On the Friday, Quentin tried getting out of bed, but the ankle, after even a few steps, twinged a little too much for comfort. He prayed he would be better by Sunday and back home, headphones on, Porter at full blast. He'd let her have her concerts, but he wouldn't be in the audience, not if he could help it. When Lucy, fresh home from school, began singing that song about the blonde hair and blue eyes, it became a matter of the utmost urgency that he escaped. He got up, put Silas in a tote bag, and gathered the rest of his belongings. He sat at the top of the staircase and went down on his buttocks. He pushed himself down the stairs, his sweaty hands leaving prints on the wallpaper, and Silas purred and sniffed at his nose.

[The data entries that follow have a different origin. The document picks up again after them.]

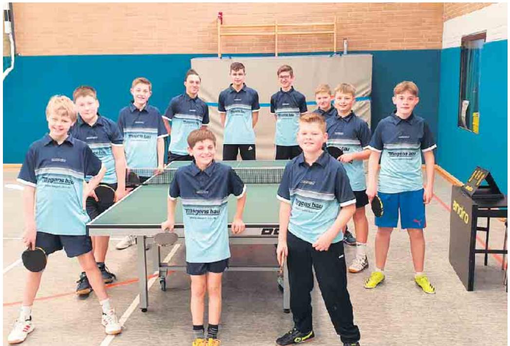
Drei Mannschaften des TTC machten den Auftakt für mehrere „Spieltagevents“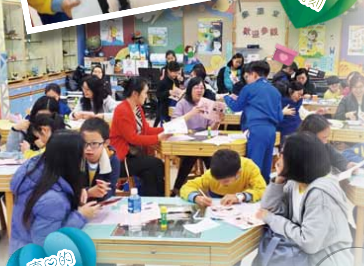
每一對親子都陶醉在「親子時光」之中

學校也向老師、家長、學生宣傳「5種愛的語言」，包括「肯定的言語」、「服務的行動」、「真心的禮物」、「精心的時刻」和「身體的接觸」，期望大家可以使用不同的形式向身邊的人表達真愛之情。今年學校也會繼續舉行很受歡迎的「親子時光」活動，讓家長跟子女有最難忘的一刻。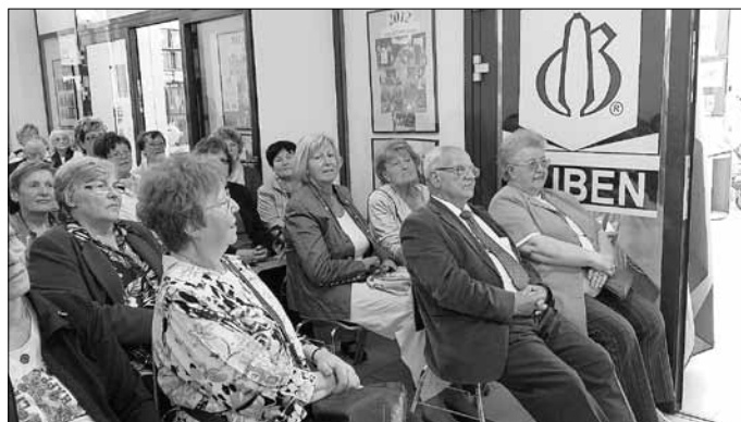
6. Traditionstreffen der ehemaligen Mitarbeiter der Poliklinik zu Besuch in den Ausstellungen der „Gubener Tuche und des ehemaligen Chemiefaserwerkes

Friedrich-Wilke-Platz, Gebäude C Gasstraße 4, 03172 Guben Tel. 03561 5595107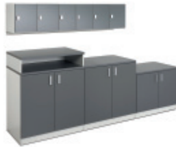
10b GRÅ | GREY | GRIS | GRAU 2 x E31816 + E31808 (1832 mm bänkskiva | work top | plan de travail | Arbeitsplatte) + E31819 + E31806 (916 mm bänkskiva | work top | plan de travail | Arbeitsplatte) + E31812 + 2 x E31802 + 2 x E31821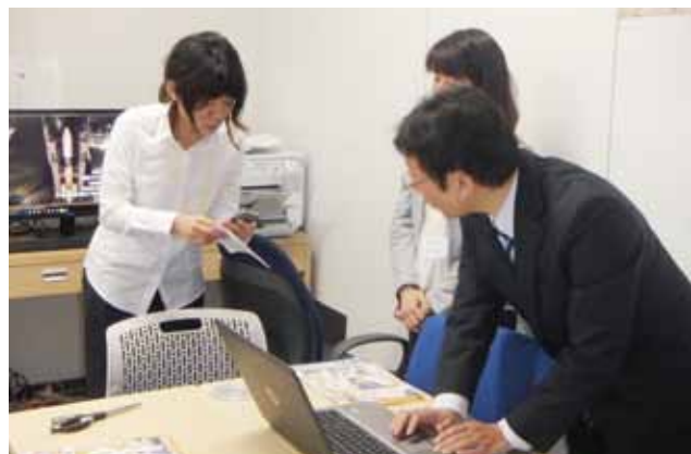
交流スペースは様々なスタイルで利用できます

URL http://www.kurumebp.jp/rocket または https://www.facebook.com/kurume.rocket/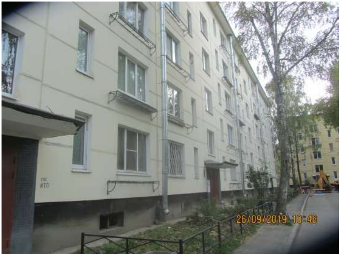
ул. Красногородская, д. 13 – герметизация межпанельных швов.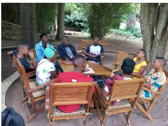
Treffen von Baraka mit Schülern am 06. März

At the door, he groaned. It was locked and there was no key. He opened a window and moved a chair nearby on which he put his belongings and Silas. He flopped onto the ledge and turned himself around so he was facing the chair.

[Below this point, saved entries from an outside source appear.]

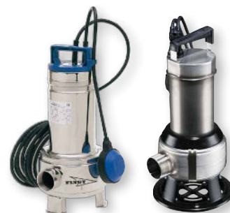
Flygt DXM35-5 og Grundfos AP35B

Ønskes større pumper, anden rørføring eller større brønde kan WaterCare være behjælpelig med dette.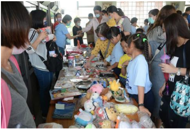
圖片說明：109 學年度校慶跳蚤市場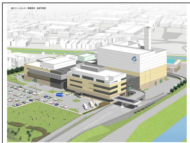
《新クリーンセンターイメージ図》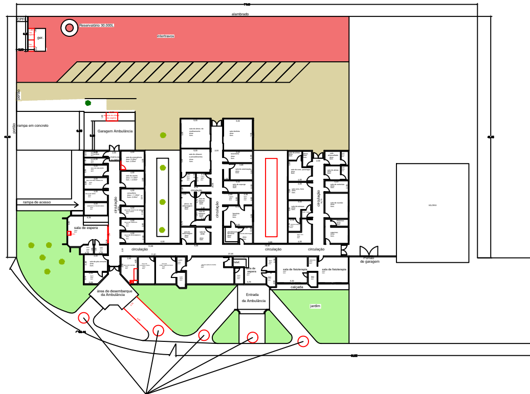
PLANTA BAIXA 1:100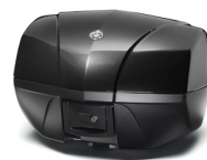
39 l Topcase "Touring"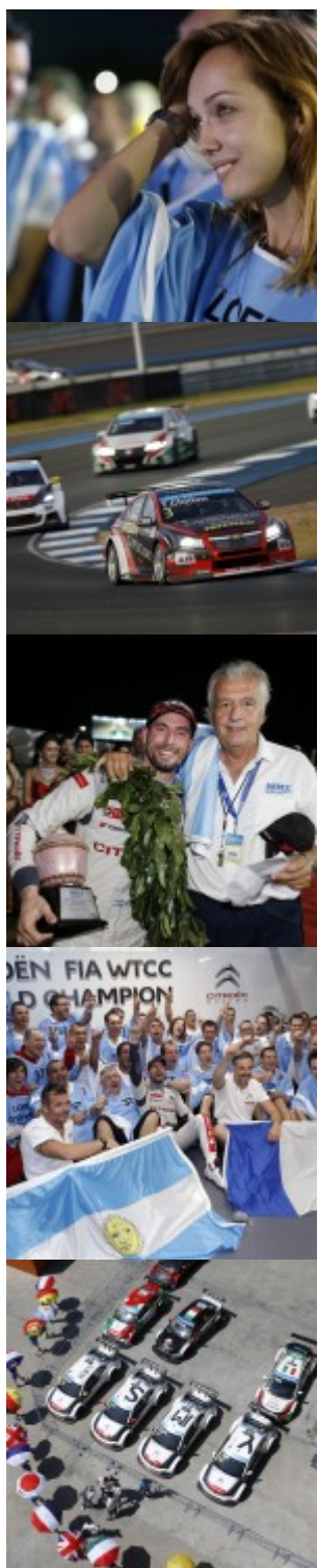
Park Fermé atmosphere during the 2015 FIA WTCC World Touring Car Championship race at Buriram from October 31h to November 1st 2015, Thailand.

"What are you doing?" asked Lucy. Her voice was softer than usual.
Quentin looked up. Silas had gotten out of the bag and Lucy was leaning down, speaking to him. On seeing Quentin, she shook her head and tutted.
"You can go for all I care. But how will you get food for this cutie," she said, picking up Silas. "My mum says you don't have anyone to do your shopping or cook for you or anything and that's why you're here. Plus, she says you could do with some company. I told her I didn't think you liked company, not really, and she told me not to be unkind."
Quentin was still in the window, his legs hanging out. Lucy came over and held out her hands which he took. She pulled him over the window and helped him to the floor. He wished it would open up its mouth and swallow him like he did fried macaroons on a hangover.
"Mum also says you're quite nice," she said, shoving him up the stairs. "Deep down. I told her you -"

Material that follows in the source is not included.